This exercise calls for the data below to be retyped exactly, minus any images.

Recorded data
============================================================

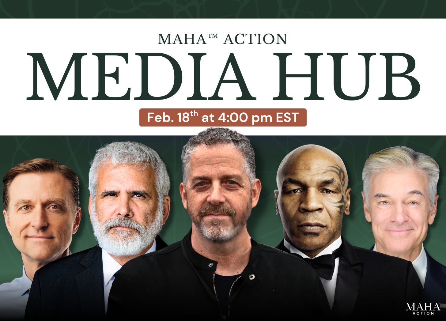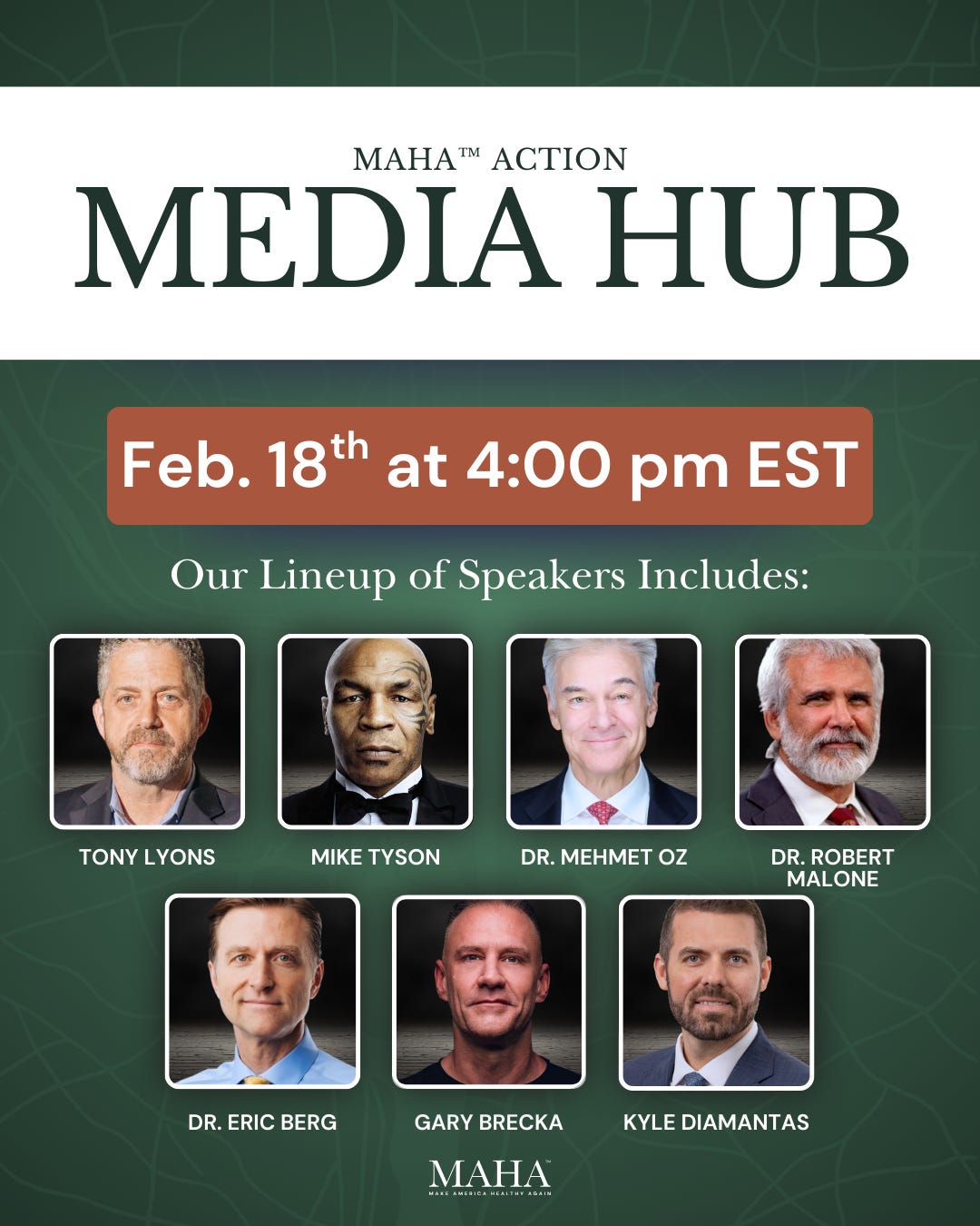 Please join us on Wednesday, February 18, from 4pm - 5pm Eastern, for the MAHA Action Media Hub, featuring some of the biggest stars in the MAHA universe delivering resonant messages for all Americans.
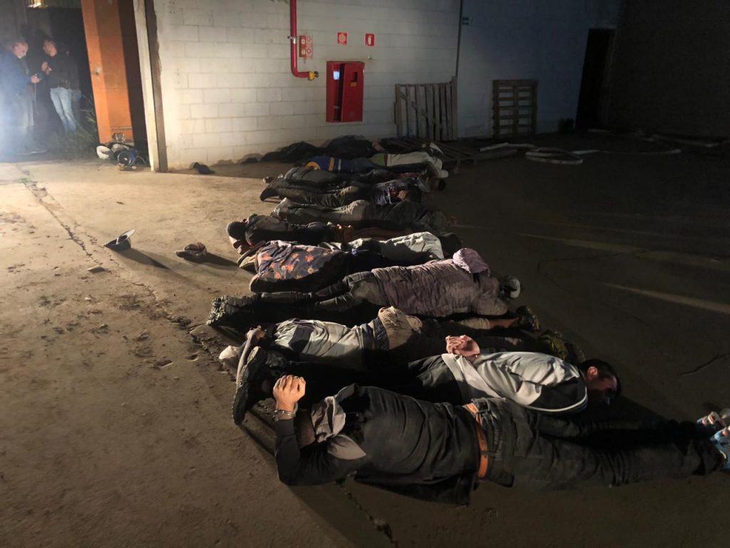 De acordo com a Polícia Civil, logo na chegada dos agentes eles foram recebidos a tiros, e um dos suspeitos chegou a ficar ferido, sendo encaminhado para o hospital, e após receber alta, foi levado para a delegacia, junto com os outros 14 indivíduos, que foram detidos dentro de um galpão utilizado para armazenar cargas roubadas.
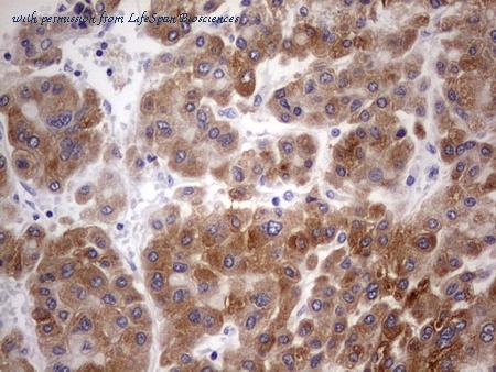 IHC of paraffin-embedded Carcinoma of Human liver tissue using anti-BFSP2 mouse monoclonal antibody. (Heat-induced epitope retrieval by 1 mM EDTA in 10mM Tris, pH8.5, 120°C for 3min).
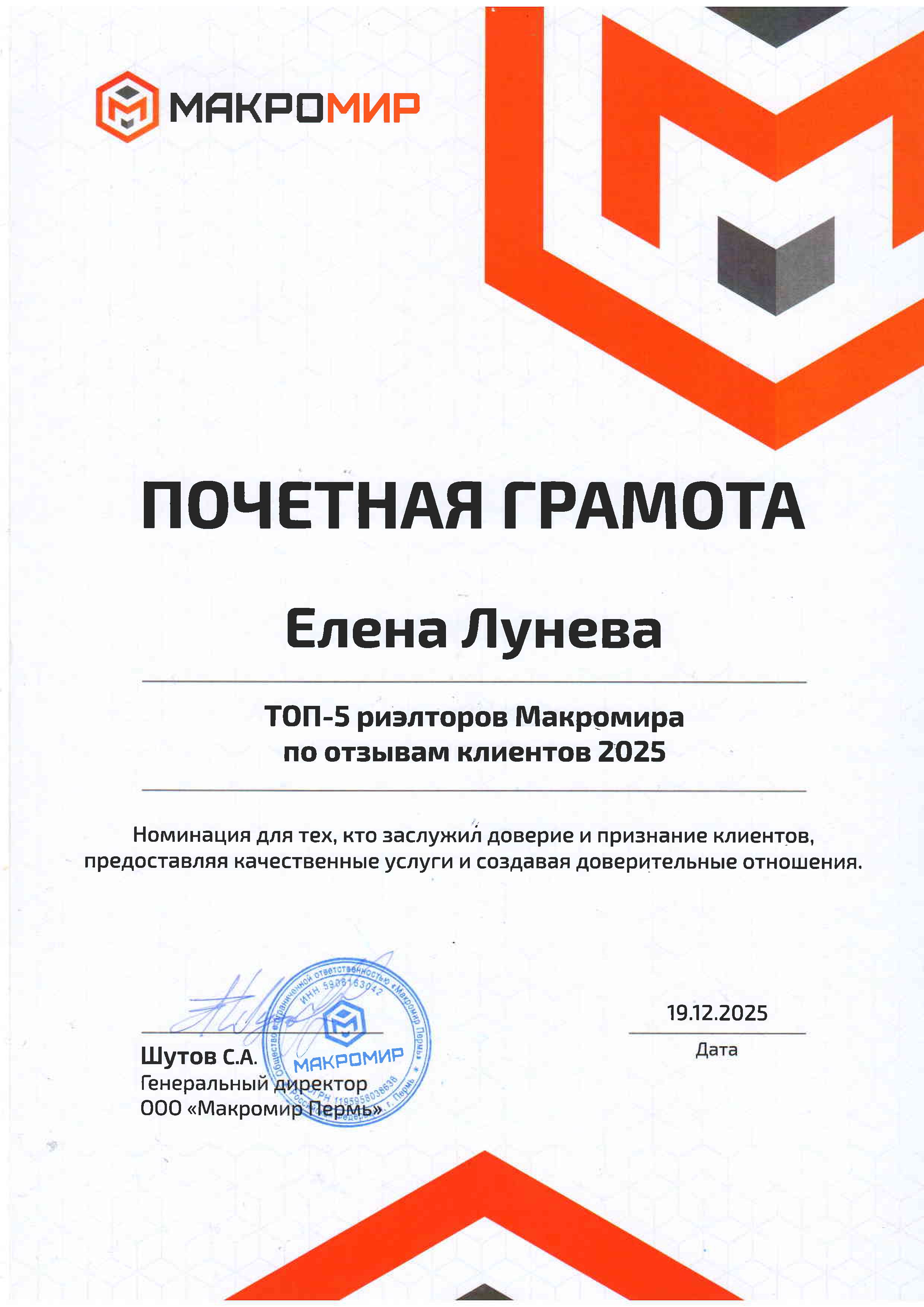 Хочу поблагодарить агентство "Макромир", а именно эксперта по недвижимости Лунёву Елену. К Елене обращаемся уже не первый раз. Можно считать уже как семейный риэлтор.
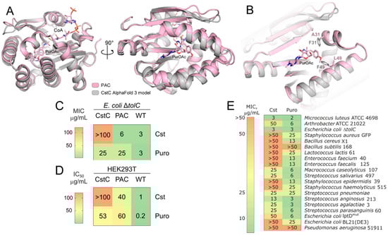 CstC mediates resistance to cystocin. (A) Structural alignment of the CstC AlfaFold 3 model (grey) with the PAC-PuroOAc-CoA complex (pink), PDB ID 7K0A. (B) Antibiotic-binding pocket of CstC and PAC. The 31 and 49 positions located proximately to the aminoacyl residue of Puro-OAc are highlighted with sticks. (C) Comparison of bacterial susceptibility for E. coli ΔtolC and E. coli ΔtolC producing CstC or PAC. (D) Cytotoxicity of Cst and Puro toward human cell line HEK293T and HEK293T producing CstC or PAC. (E) Heat map of MICs of Cst and Puro against Gram-positive and Gram-negative bacteria.
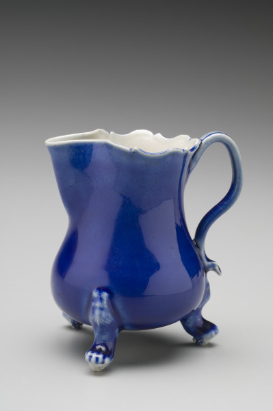 This jug is coated with a cobalt-blue glaze known to modern collectors as “Littler’s Blue” or “Littler-Wedgwood Blue.” It was purportedly developed by William Littler (1724–1784) and his brother-in-law, Aaron Wedgwood (circa 1718–1782). Unfortunately, no evidence has yet confirmed the date of their invention, or that Littler and Wedgwood were indeed business partners.

============================================================

=== EXPECTED ANSWER ===
 Please join us on Wednesday, February 18, from 4pm - 5pm Eastern, for the MAHA Action Media Hub, featuring some of the biggest stars in the MAHA universe delivering resonant messages for all Americans.
 De acordo com a Polícia Civil, logo na chegada dos agentes eles foram recebidos a tiros, e um dos suspeitos chegou a ficar ferido, sendo encaminhado para o hospital, e após receber alta, foi levado para a delegacia, junto com os outros 14 indivíduos, que foram detidos dentro de um galpão utilizado para armazenar cargas roubadas.
 IHC of paraffin-embedded Carcinoma of Human liver tissue using anti-BFSP2 mouse monoclonal antibody. (Heat-induced epitope retrieval by 1 mM EDTA in 10mM Tris, pH8.5, 120°C for 3min).
 Хочу поблагодарить агентство "Макромир", а именно эксперта по недвижимости Лунёву Елену. К Елене обращаемся уже не первый раз. Можно считать уже как семейный риэлтор.
 CstC mediates resistance to cystocin. (A) Structural alignment of the CstC AlfaFold 3 model (grey) with the PAC-PuroOAc-CoA complex (pink), PDB ID 7K0A. (B) Antibiotic-binding pocket of CstC and PAC. The 31 and 49 positions located proximately to the aminoacyl residue of Puro-OAc are highlighted with sticks. (C) Comparison of bacterial susceptibility for E. coli ΔtolC and E. coli ΔtolC producing CstC or PAC. (D) Cytotoxicity of Cst and Puro toward human cell line HEK293T and HEK293T producing CstC or PAC. (E) Heat map of MICs of Cst and Puro against Gram-positive and Gram-negative bacteria.
 This jug is coated with a cobalt-blue glaze known to modern collectors as “Littler’s Blue” or “Littler-Wedgwood Blue.” It was purportedly developed by William Littler (1724–1784) and his brother-in-law, Aaron Wedgwood (circa 1718–1782). Unfortunately, no evidence has yet confirmed the date of their invention, or that Littler and Wedgwood were indeed business partners.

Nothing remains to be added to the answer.